Problem details —
All lines in the records below that hold "Chirac" are to be shown.

Exercise materials —
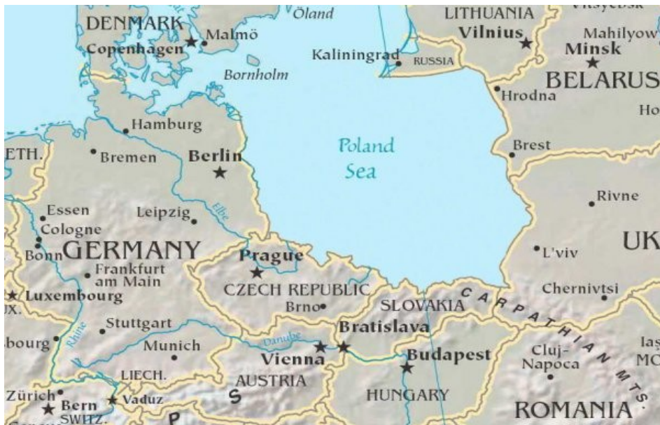
Mapa Europy Środkowej według Czechów
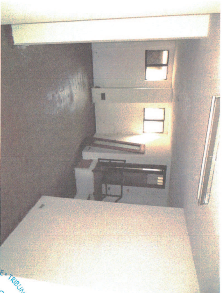
Foto 12 - unico locale magazzino
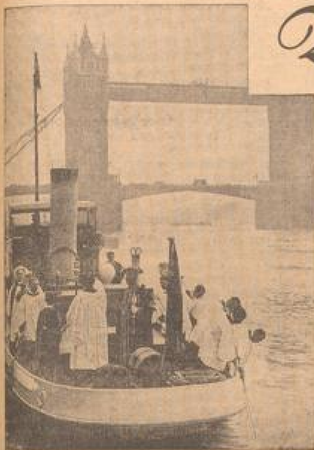
Links: Auch ein Stück englischer Tradition Als die Grenzen der Kirchengemeinde St. Dunstan im Osten Londons festgelegt wurden, geschah es in diesem feierlichen Aufzuge. Rechts: Nach althergebrachter Form wird vom Sprecher des Parlaments von den Stulen der Börse die Auflösung des Parlaments verkündet

24 Soldaten schützen die Bank von England — Die Tapferen im Tower — „Rote Richter“ durchziehen das Land — Seit 150 Jahren Harrow-Strohhut-Tradition in England
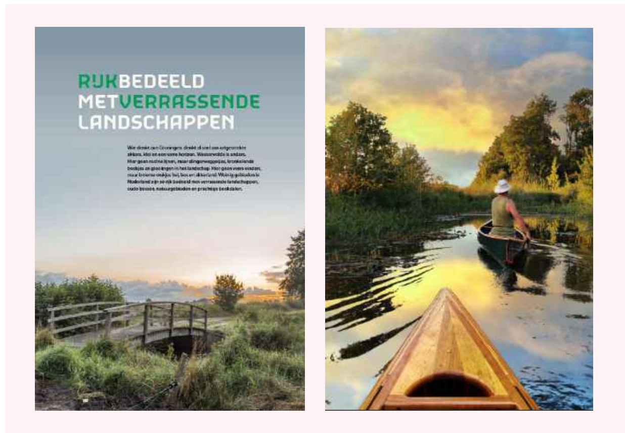
† Twee pagina's uit het Magazine "Bezoek Westerwolde".

“Door heel Nederland hebben wij moeite om onze onderhoudsteams en boswachtersteams in te vullen, behalve hier”.
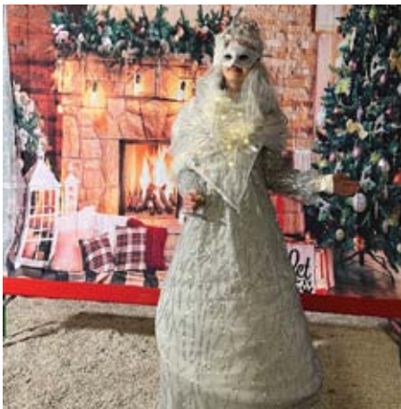
Snežna kraljica je razveselila otroke.
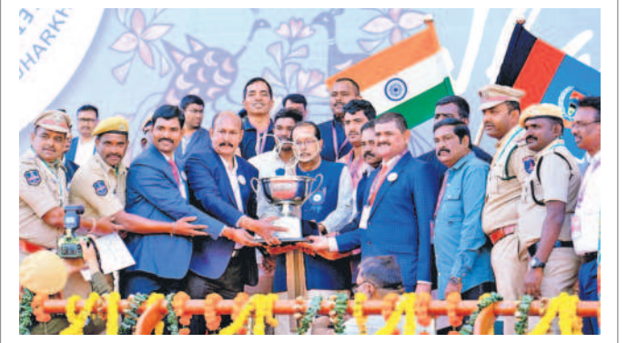
ఓవరాల్ టీం చాంపియన్ షిప్ ట్రోఫీని అందుకుంటున్న తెలంగాణ పోలీసులు
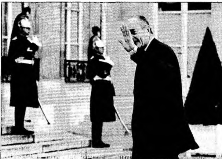
Președintele Chirac la final de mandat

„Jacques Chirac nu ar fi reușit să trezească Franța și francezii în special în domeniul economic”, potrivit cotidianului economic La Tribune. „Jacques Chirac va lăsa o Franță aflată într-o situație delicată”, subliniază publicația citată.
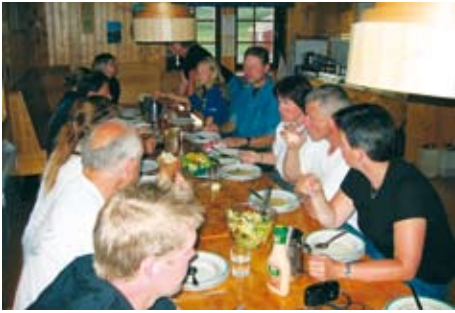
Abende in gemütlichen Hütten - ein Erlebnis

Norwegen. Traditionelles Abendessen. 6.Tag: Ritt durch dichte Birken- und Pinienwälder und Berglandschaften . 7.Tag: Rückritt zum Trailausgangspunkt, Abschiedsessen. 8.Tag: Abreise. 6 Reittage je 5-6 Std. (+ ggf. Proberitt), Gesamtreitstrecke ca. 170 km.
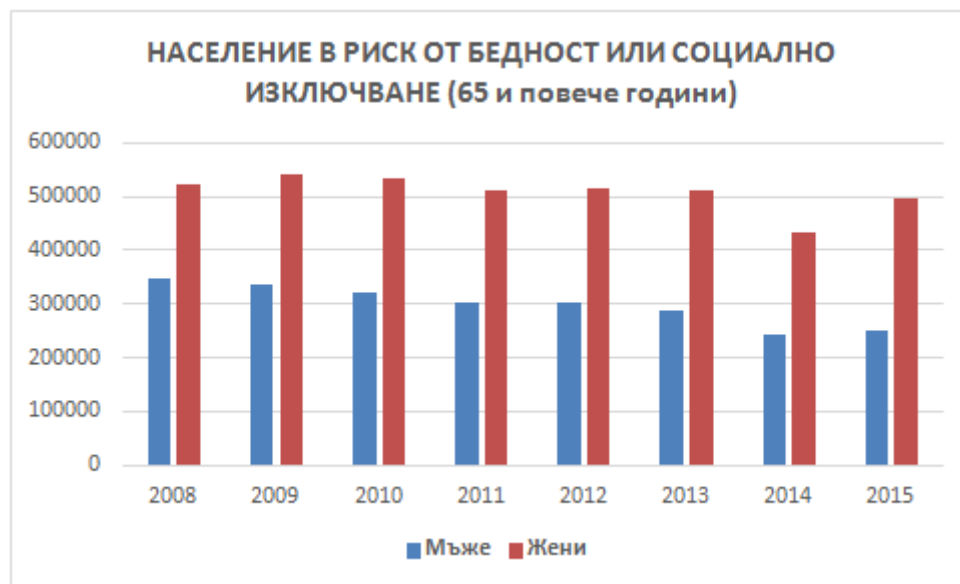
Фиг. 3. НСИ, Население в риск от бедност или социално изключване на 65 и повече години (2008-2015 г.)
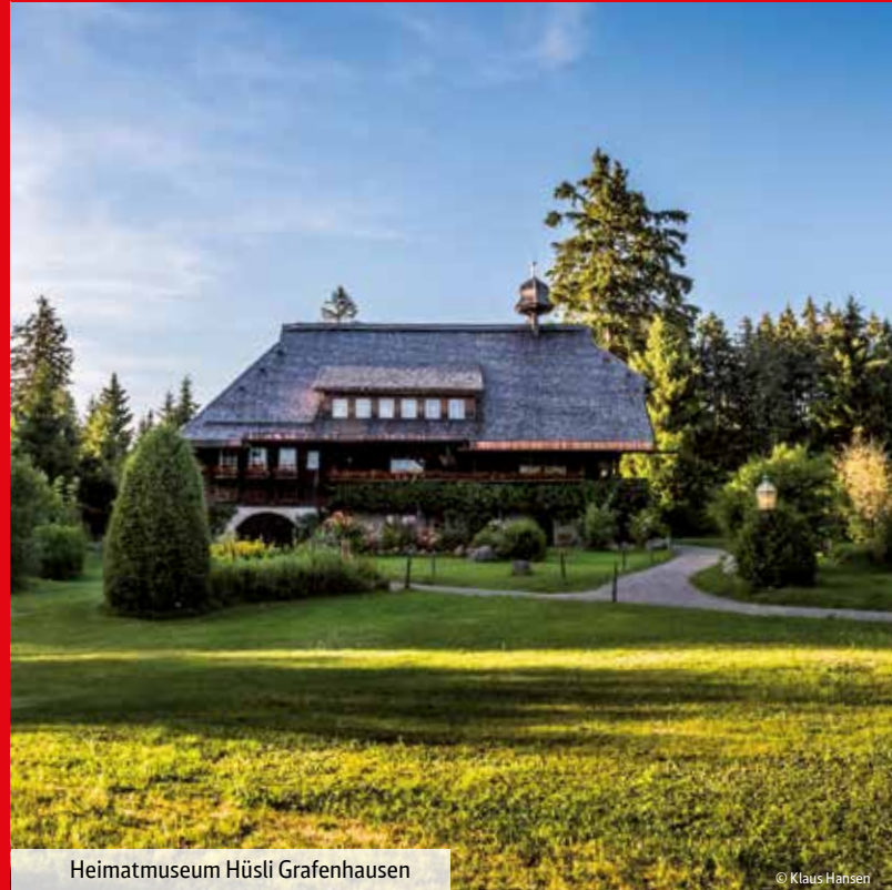
Heimatmuseum Hüslli Grafenhausen
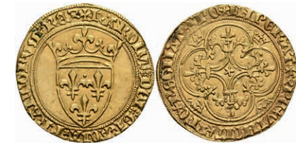
405 Ecu d'or, o.J.(1388-1422), Charles VI., Ciani 484, kl. Kratzer, f. vz. 700,—
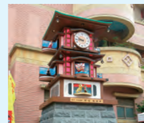
松山小学校前にある「幸福からくり時計」
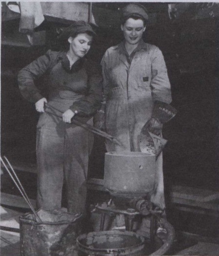
Remachadoras trabajando en una frageta en el Astillero Yarrow's Limited de Esquimalt, Colombia Británica.

La exposición se divide en cinco segmen-

Reply —
Președintele Chirac la final de mandat
„Jacques Chirac nu ar fi reușit să trezească Franța și francezii în special în domeniul economic”, potrivit cotidianului economic La Tribune. „Jacques Chirac va lăsa o Franță aflată într-o situație delicată”, subliniază publicația citată.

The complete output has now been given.